BRIEF:
For each line below that contains the string "erobert", copy that line.

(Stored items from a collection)
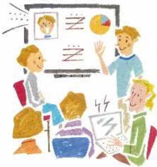
デジタル技術を活用した業務改革
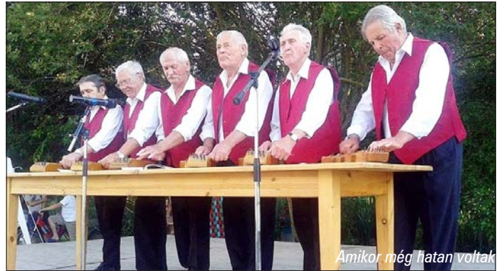
Amikor még hatan voltak
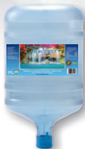
Tündérvíz 19 L /ballontöltés visszaváltható pc ballonban (vízadagoló automatára)

Telefonos, e-mail-es vagy webáruházás megrendelés esetén cégünk hétfőtől-péntekig házhoz szállítást is vállal, előre egyeztetett időpontban.
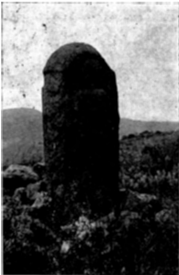
Fig. 2: Piedra de la Pastora, en Larrea (Pradilla-Ezcaray, Logroño)

Sus padres le ordenaron que volviera al monte a buscar las ovejas perdidas. Subió a Larrea y allí la acometieron los lobos y la devoraron. En el mismo lugar se ve ahora un monolito semicilíndrico de forma humana, que en un lado tiene grabada una figura de mujer con un cayado en sus manos y a sus pies esta inscripción: ARAN; lo que, con una coincidencia sorprendente, recuerda el nombre y la leyenda del dolmen de Orozco (1) figura 2.
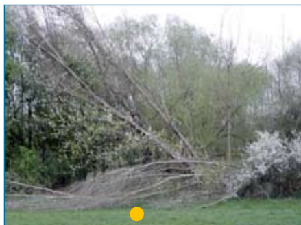
● Weide, BHD 37 cm (07.04.14)
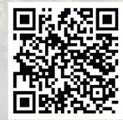
เว็บไซต์โครงการ
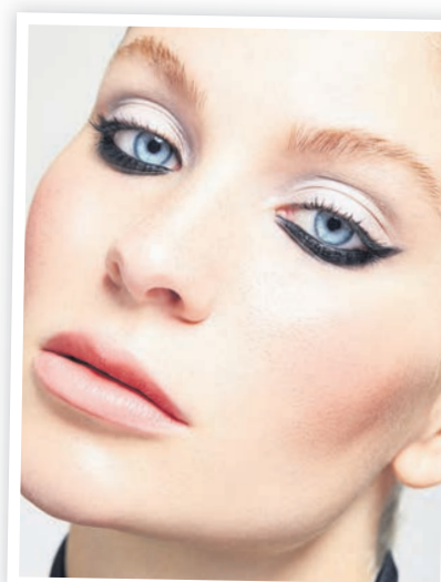
Reverse Cat Eyes haben die sozialen Medien im Sturm erobert.

Auffälliger ist der „Reverse Cat Eye-Look“, der die sozialen Medien im Sturm erobert hat. Der dunkle Kajalstrich wird dabei nicht auf dem Lid, sondern am unteren Wimpernkranz aufge-
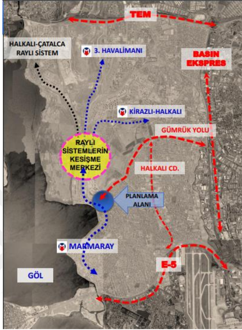
Şekil 4.6: Proje Kapsamında Hedeflenen Ulaşım Yolları

İstanbul Küçükçekmece Belediyesi, söz konusu riskli alanın 2 paftalık 1/5000 ölçekli nazım imar planı ve 3 paftalık 1/1000 ölçekli uygulama imar planını hazırlanmıştır. Planlama alanının yüzde 40'ı Ticaret-Konut Alanı olarak, yüzde 9'u İlkokul, yüzde 3'ü Cami, yüzde 4'ü Kapalı Spor Tesisi ve yüzde 12'si Park Alanı olarak görülmektedir. Konutlar zemin+12 kat olarak planlanmıştır. İmar planına göre "Riskli alan" ilan edilen bölgenin göl tarafına park ve cami, gümrük tarafına ise okul ve park yapılacaktır. Konut ve kapalı spor salonu ise bu iki bölümün arasında kalacaktır (EK – 1, EK – 2).
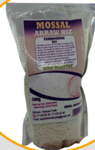
ARROW DE RIZ 500G
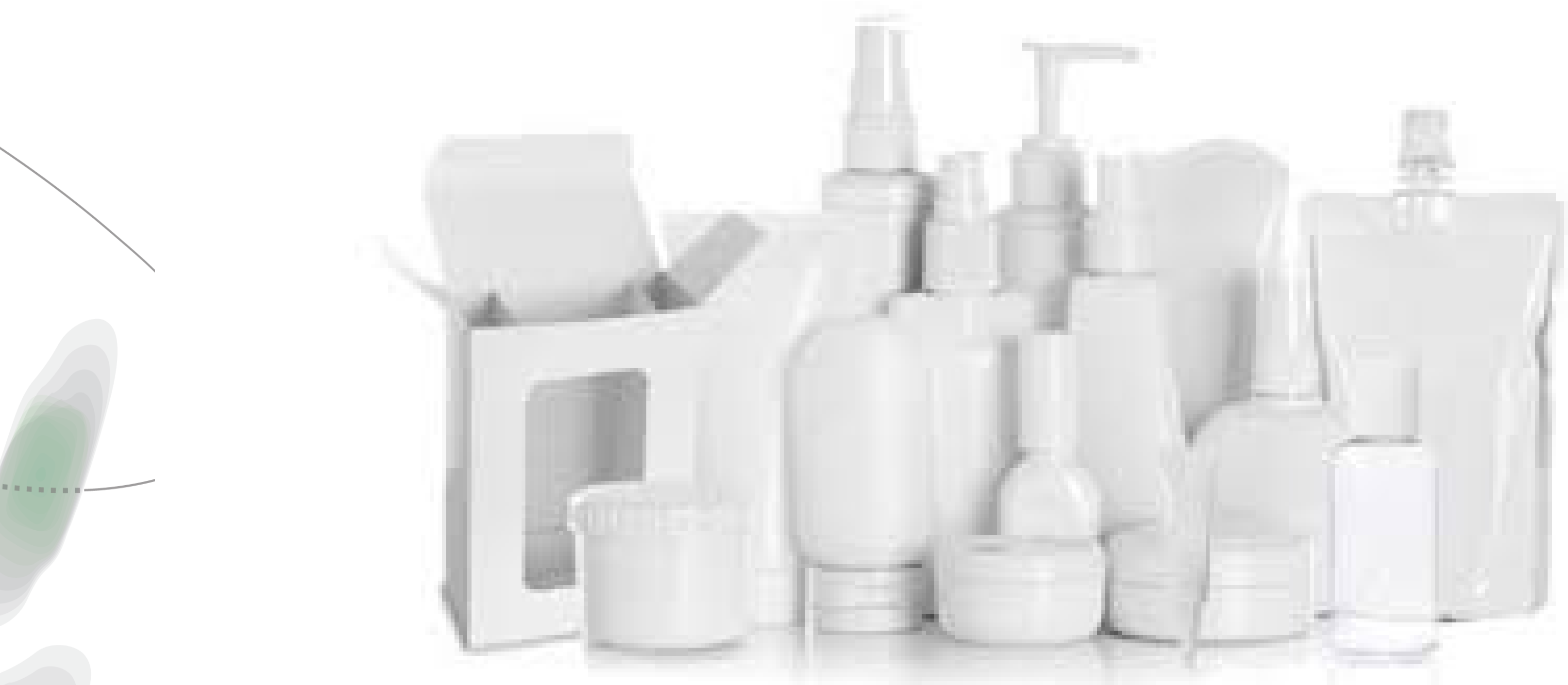
Figure 1: Figure title number one

coribus nus erum facea qui consererspispis unti dolorest, aut dolupta tiorrumqui odi andae porum facea quo cullestrum exceaue idelique et audae volorae. Sitatium aut audignam, omnimus et porior ratesere plant volorer sperae dent eaturis quam rate labor arum volentum aut inventi volenita dis debit, ut fuga. Et vellatem fugitiiscia ducitaquis et optatibus aut

WORKED SOLUTION:
Reverse Cat Eyes haben die sozialen Medien im Sturm erobert.
Auffälliger ist der „Reverse Cat Eye-Look“, der die sozialen Medien im Sturm erobert hat. Der dunkle Kajalstrich wird dabei nicht auf dem Lid, sondern am unteren Wimpernkranz aufge-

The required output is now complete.